**Task details:** Could you copy exactly the lines below from the one with "Lot Details: Cart" to the one with "High Power Battery: Built-in", inclusive, leaving out any pictures?

**Records for the exercise:**
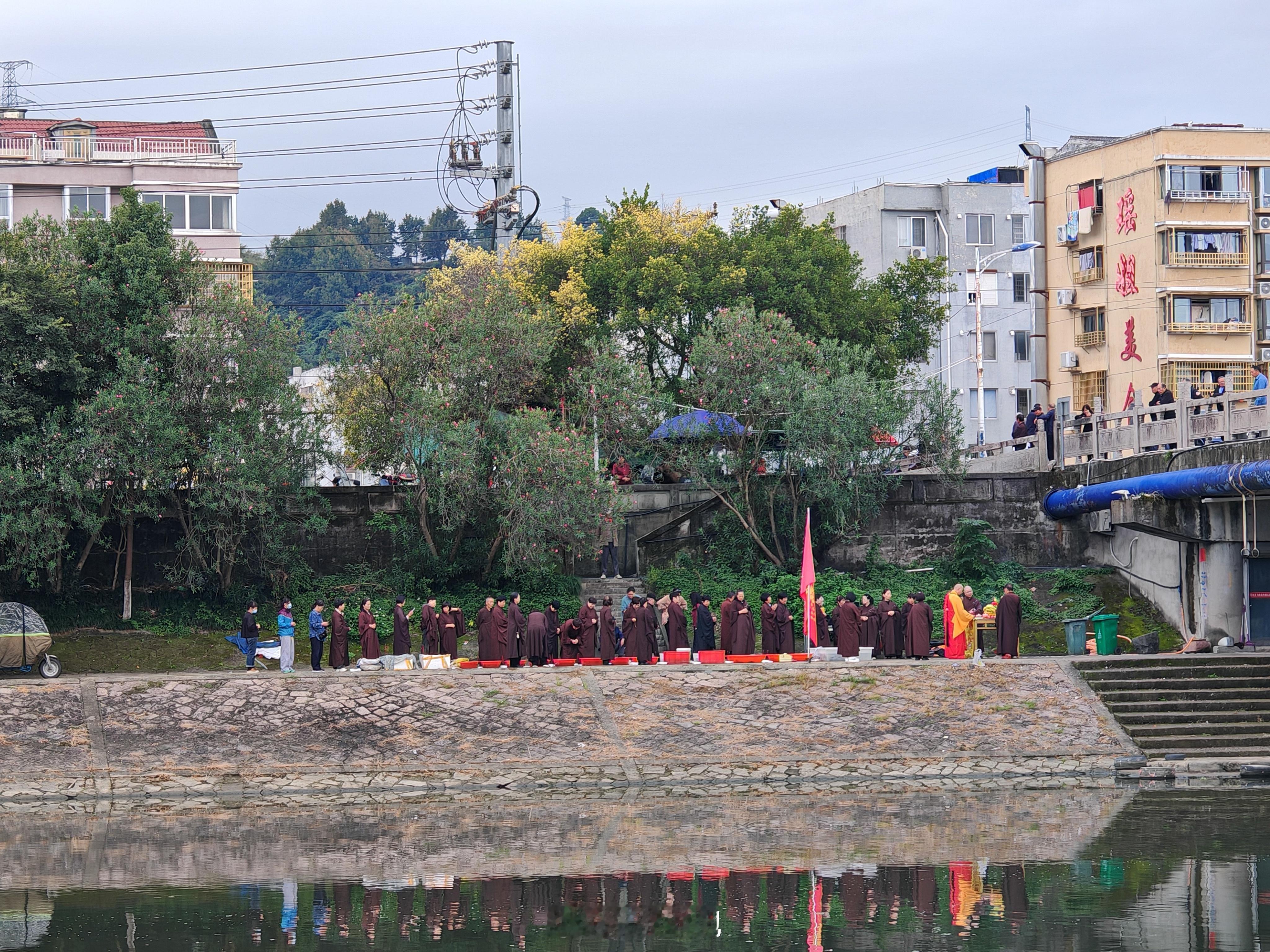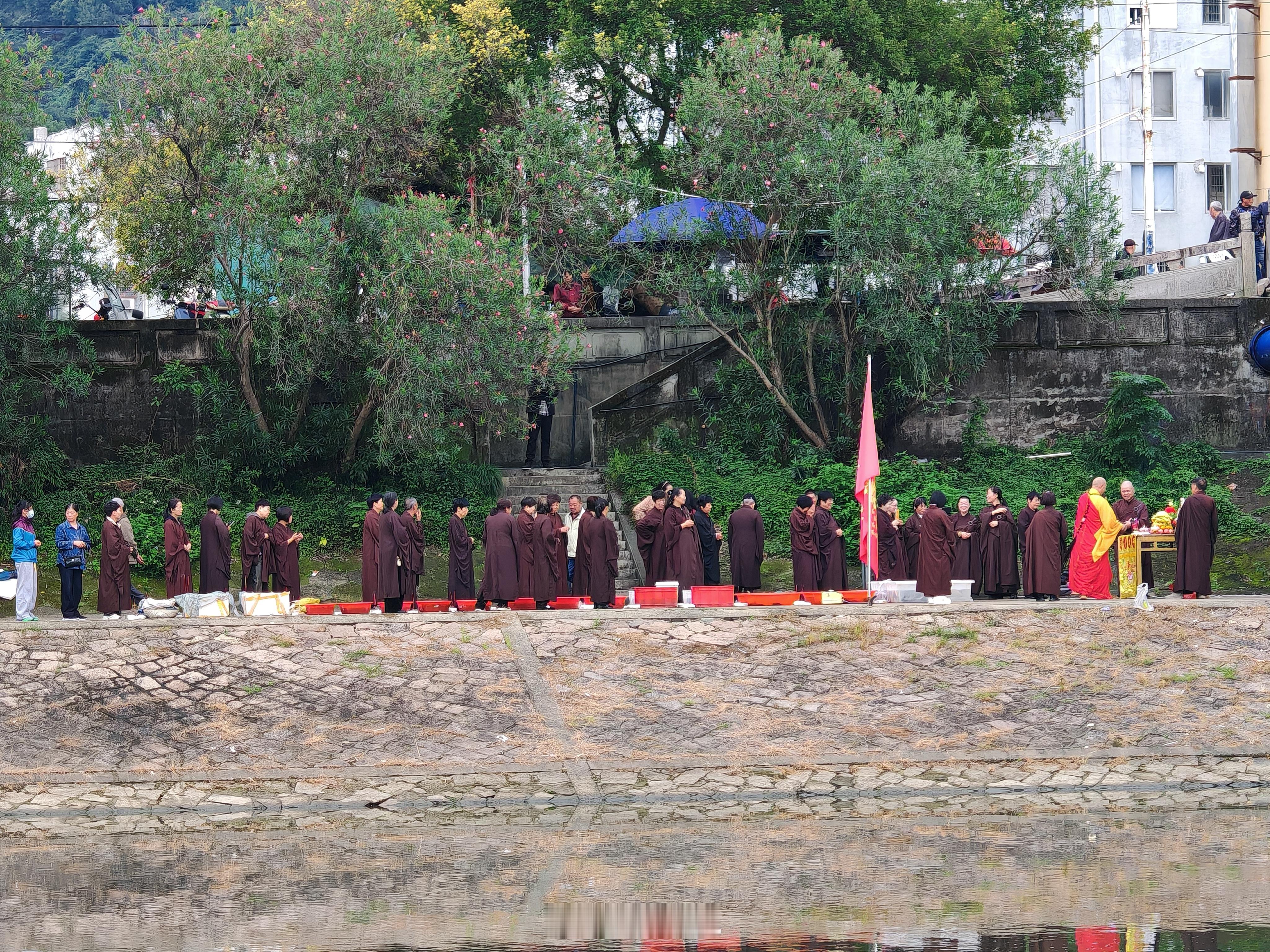 温州某县,河边放生,还专门请来和尚主持仪式……
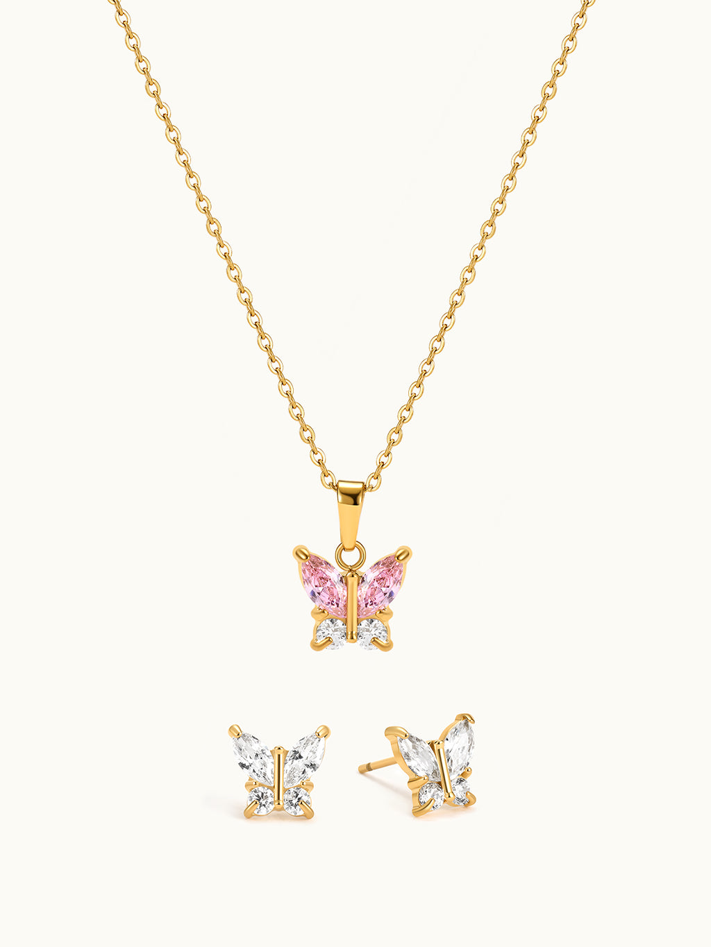 Dieses elegante Pink Butterfly Kette & Stud Ohrringe Set verleiht jedem Outfit Charme und Eleganz. Mit zarten rosa Akzenten ist dieses Schmuckset perfekt, um Ihren Look für besondere Anlässe oder den Alltag zu verschönern.
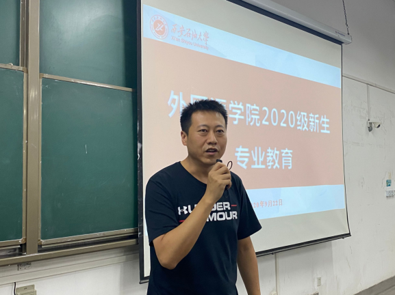 9月22日晚,外國語學院專業(yè)教育專題報告會在鄠邑校區(qū)B221教室召開,黨委副書記王業(yè)青、副院長陳武、英語系主任鐘澤波、俄語系副主任李更偉和翻譯系主任高鵬鵬、學管辦主任張帆參加。報告會由學管辦主任張帆主持,學院2020級全學生參加聽取本次專題報告會。
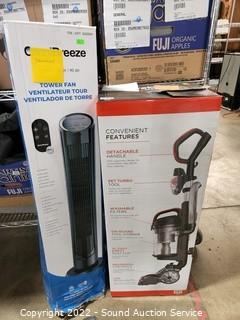 Lot Details: Cart NOT included. Tower fan, personal fan, mats, convection oven, toilet seat, faucet, rug, Eureka Dash Sprint Vacuum(turns on motor won't spin vacuum head, belt is attached). Many items, damaged, missing pieces etc, all as is.
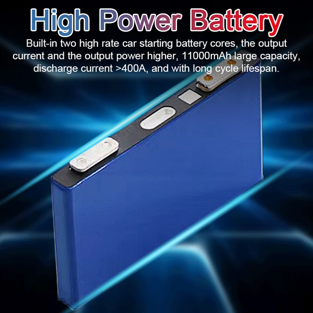 High Power Battery: Built-in two high rate car starting battery cores, the output current and the output power higher, 11000mAh large capacity, discharge current gt;400A, and with long cycle lifespan.
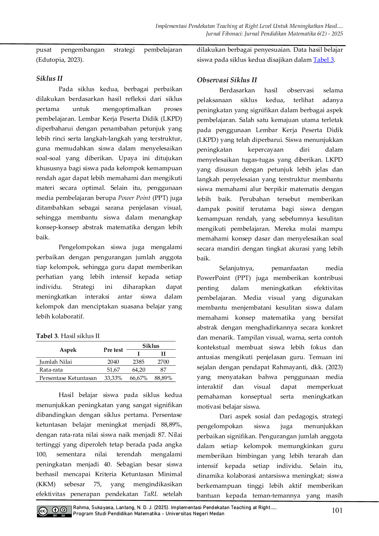 Jurnal Fibonaci: Jurnal Pendidikan MatematikaJurnal Fibonaci: Jurnal Pendidikan MatematikaPenelitian ini dilatarbelakangi oleh rendahnya hasil belajar matematika siswa kelas VIII E SMP Negeri 15 Palu, di mana hanya 33,33% siswa yang mencapai Kriteria Ketuntasan Minimal (KKM) 75 dengan rata-rata nilai 53. Kondisi ini disebabkan oleh pembelajaran konvensional yang belum memperhatikan perbedaan kemampuan siswa, sehingga siswa berkemampuan rendah tertinggal dan yang berkemampuan tinggi kehilangan tantangan belajar. Penelitian ini bertujuan untuk meningkatkan hasil belajar matematika melalui penerapan pendekatan Teaching at the Right Level (TaRL), yang menyesuaikan pembelajaran berdasarkan tingkat kemampuan siswa. Metode yang digunakan adalah Penelitian Tindakan Kelas (PTK) model Kurt Lewin yang meliputi empat tahap: perencanaan, pelaksanaan, observasi, dan refleksi. Subjek penelitian adalah 30 siswa kelas VIII E. Data dikumpulkan melalui tes hasil belajar, observasi, dan dokumentasi, dengan instrumen yang telah divalidasi oleh ahli. Hasil penelitian menunjukkan peningkatan signifikan pada setiap siklus: persentase ketuntasan belajar meningkat dari 33,33% (pre-test) menjadi 66,67% pada siklus I, dan mencapai 88,89% pada siklus II, dengan rata-rata nilai akhir 87. Hasil ini menunjukkan bahwa pendekatan TaRL efektif dalam mengatasi perbedaan tingkat pemahaman siswa, meningkatkan keaktifan, kepercayaan diri, serta hasil belajar matematika secara keseluruhan. Dengan demikian, penerapan pendekatan TaRL dapat dijadikan alternatif strategi pembelajaran adaptif yang mendukung prinsip Kurikulum Merdeka.
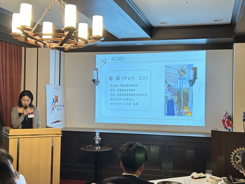 今年度当クラブのお世話米谷奨学生 超 越さんの卓話でした。『伝統の復興』と題したお話でした。
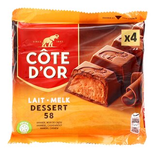 Ingrediënten: Suiker, cacaomassa, AMANDELEN (9,5%), magere MELKPOEDER, cacaoboter, CASHEWNOTEN (7,5%), plantaardige vetten (palmpit, palm), weipoeder (van MELK), MELKVET, emulgator (SOJALECITHINE), aroma's. KAN TARWE EN ANDERE NOTEN BEVATTEN.
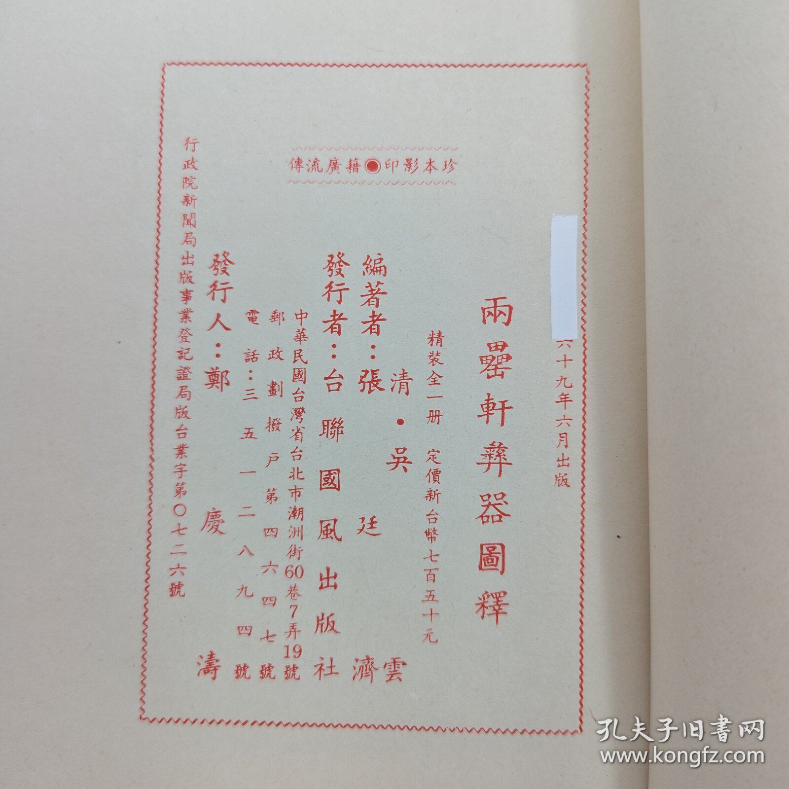 【港台原版】兩罍軒彝器圖釋 (16开 精装)1980年6月版、自然旧 台联国风版 不详 /正版现货

**Your solution:**
 Lot Details: Cart NOT included. Tower fan, personal fan, mats, convection oven, toilet seat, faucet, rug, Eureka Dash Sprint Vacuum(turns on motor won't spin vacuum head, belt is attached). Many items, damaged, missing pieces etc, all as is.
 High Power Battery: Built-in two high rate car starting battery cores, the output current and the output power higher, 11000mAh large capacity, discharge current gt;400A, and with long cycle lifespan.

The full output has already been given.